9. In this connection, it must also be pointed out that the previous money decrees which are still not satisfied cannot amount to payment within the meaning of Section 12(3)(6) of the Bent Act, which requires for its application not mere decrees but actual payment or tender in Court of the standard rent and permitted increases then due, which would include all such amounts as are in arrears whether or not decrees were made for those arrears. To give any other construction to these provisions would frustrate the application of Section 12 to the proceedings and expect the tenants to take advantage of their own defaults merely because decrees have been made against them and which decrees were not satisfied, and probably would never be satisfied.
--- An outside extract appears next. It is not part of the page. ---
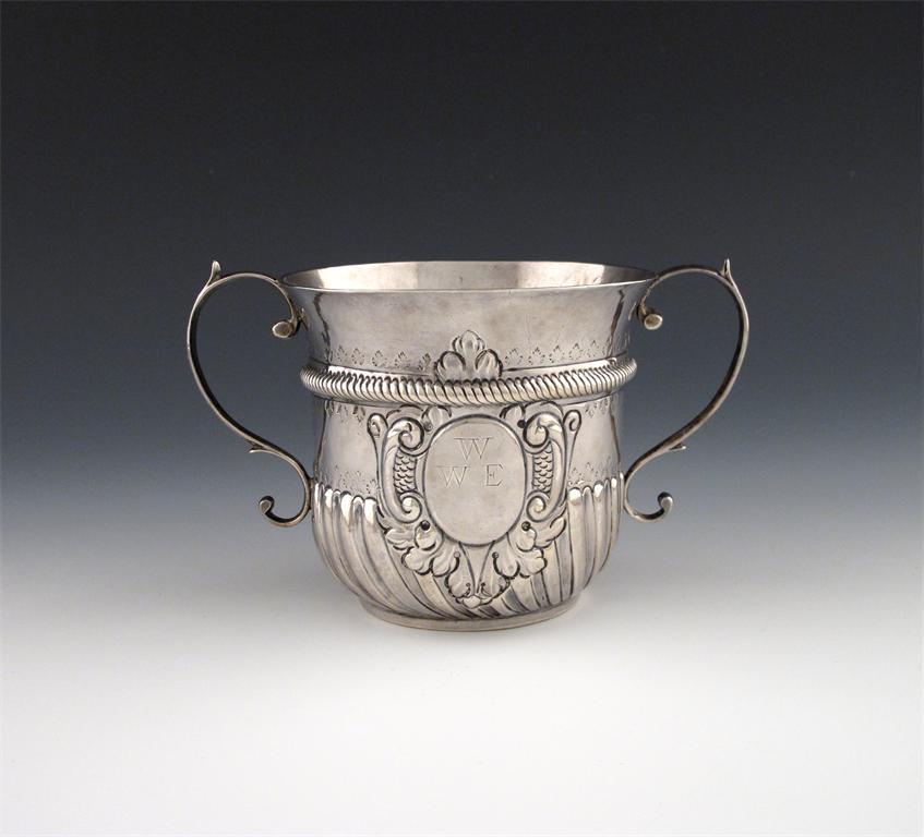circular form, scroll handles, part fluted decoration below a rope work girdle, the oval cartouche scratch initialled 'W' over 'WE', diameter 11.3cm, height 10.2cm, approx. weight 7oz.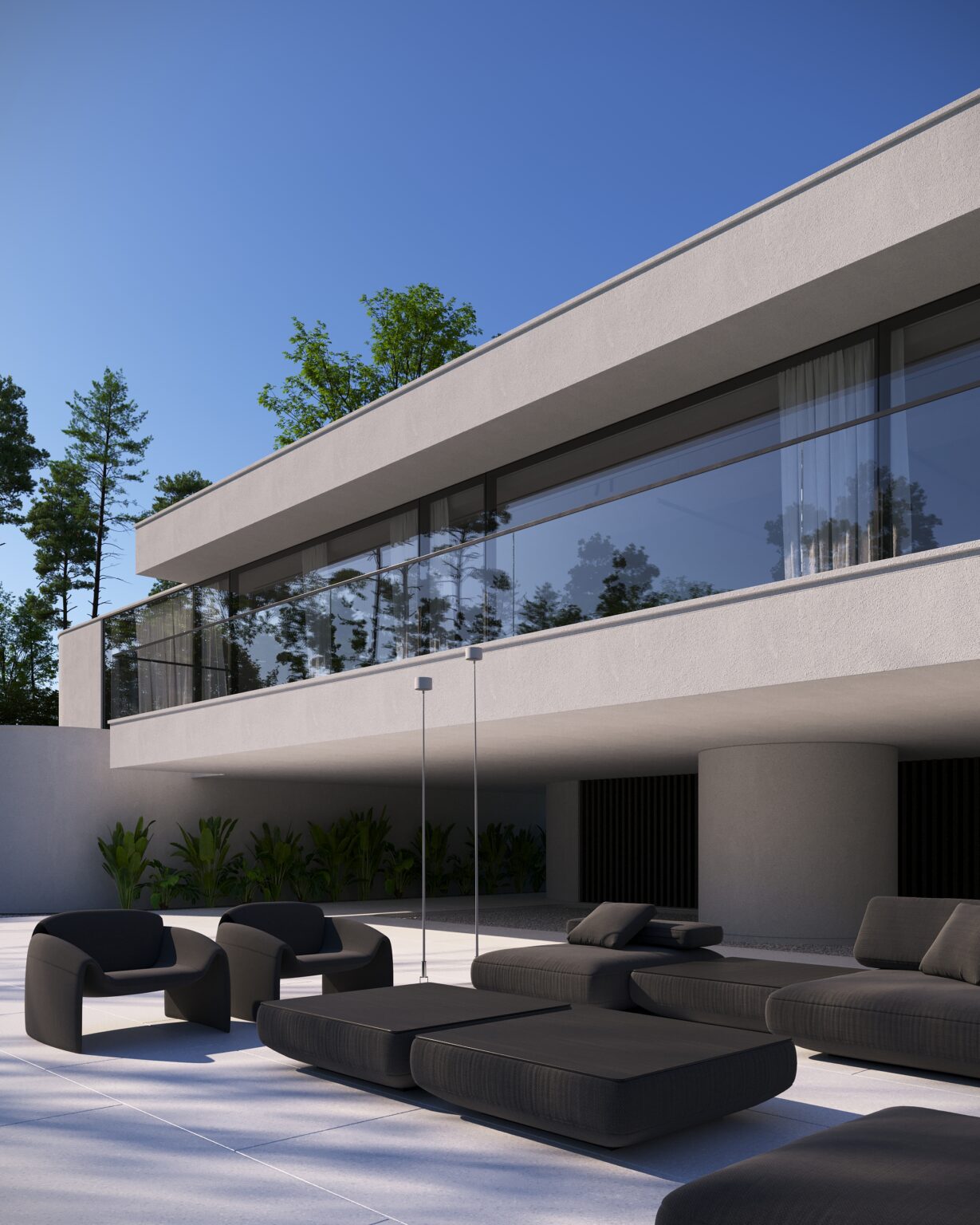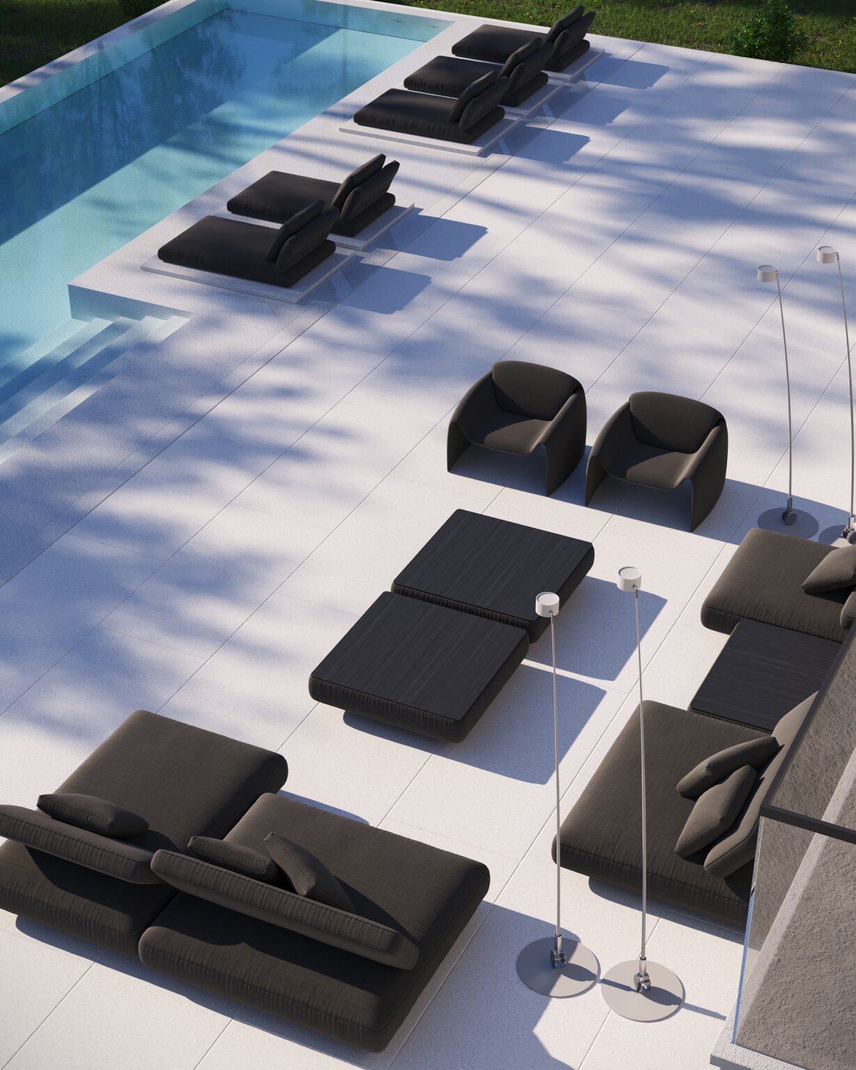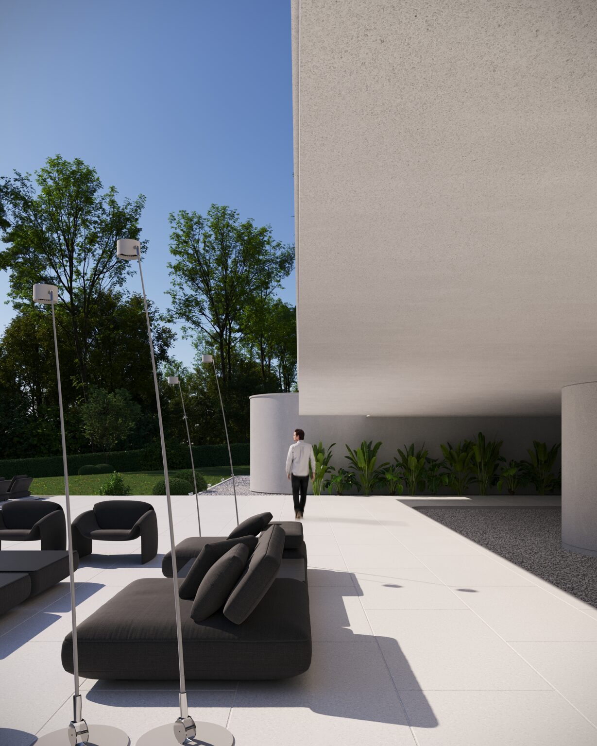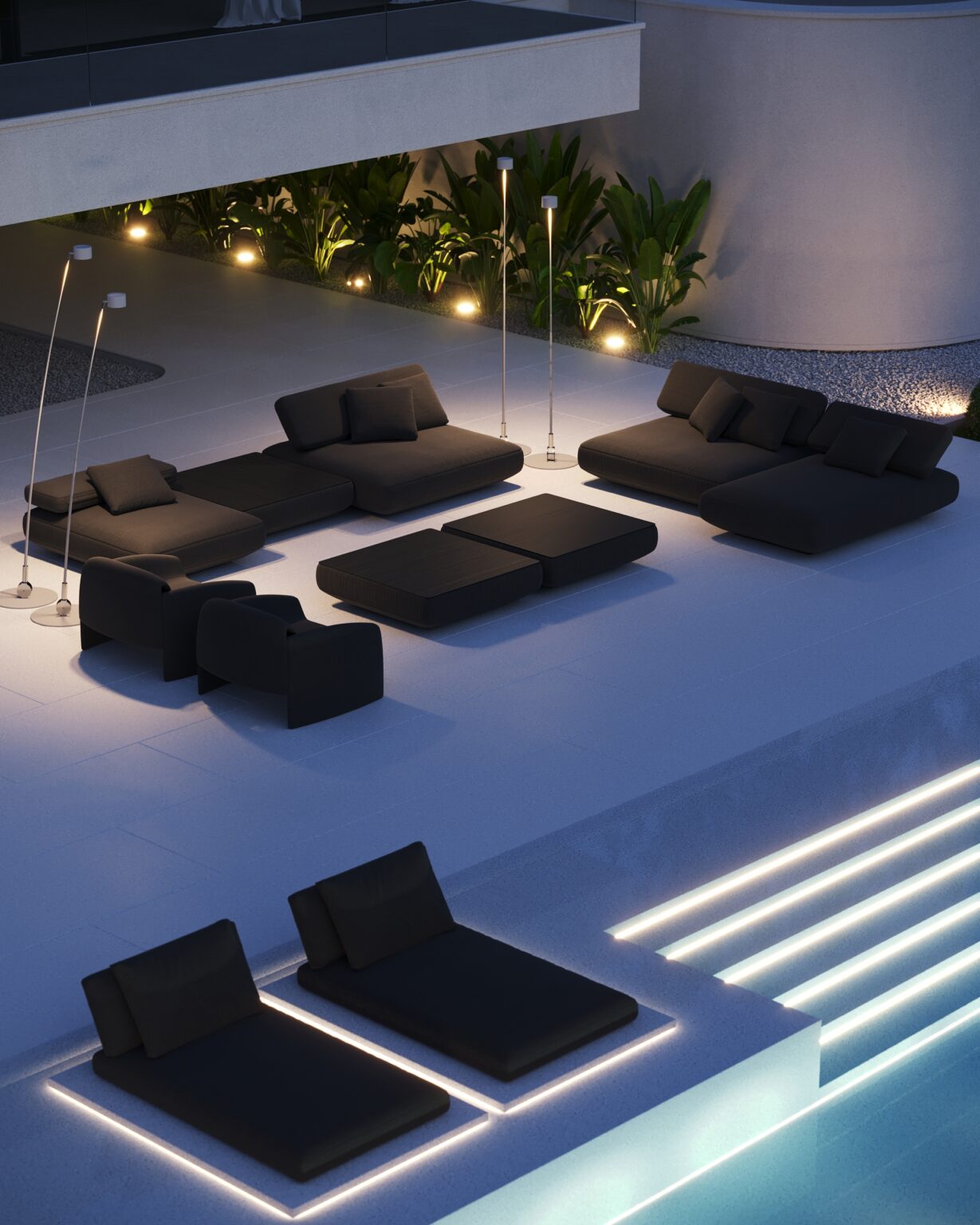 Na parterze znajduje się duży taras z płynnie przechodzącymi przestrzeniami dookoła, zapewniając idealne warunki do wypoczynku na świeżym powietrzu. Przestronny taras z minimalistycznymi leżakami i wbudowanym oświetleniem wokół uzupełnia elegancki basen, który gładko przechodzi w rozległy zielony trawnik. Elementy oświetleniowe dodają miękkiego, przytulnego światła w godzinach wieczornych, czyniąc dom idealnym miejscem do prywatności lub spotkań z przyjaciółmi.

10. Apart from this, there is another aspect to be considered. This is an application to this Court for exercising its extra-ordinary jurisdiction under Article 227 of the Constitution. The Court is not bound to exercise its powers except in the interest of justice. We are not satisfied that the interests of justice require that we should interfere with, the findings in this case. In this connection, it must be pointed out that when this application was made to this Court, an interim stay was applied for by this defendant. By an order dated December 5, 1967, this Court gave a conditional stay, the condition being that the petitioner should comply with such terms as were imposed by the Court below. The lower 'Court after hearing the parties directed the petitioner on January 5, 1968, to make a deposit of a sum of Rs. 28,175 being the arrears of compensation from the date of the suit until the date in question. No such deposit, however, was made by the petitioner. Thereafter the plaintiffs executed the writ on March 5, 1968, but the execution was resisted by the Columbia Chemicalcolours Industries Pvt. Ltd., and we understand that the Columbia Chemicalcolours Industries Pvt. Ltd. have now filed a suit in the Small Cause Court for a declaration that they are entitled to a legal right of tenancy in the suit premises. We do not see why the writ jurisdiction of this Court should be exercised to perpetuate the litigation between the parties when the tenant himself introduces persons after persons in the premises belonging to the landlords and thus abuses the provisions of the Rent Act.
11. In the result, the rule is discharged with costs. Costs to be in favour of respondents Nos. 1 and 2.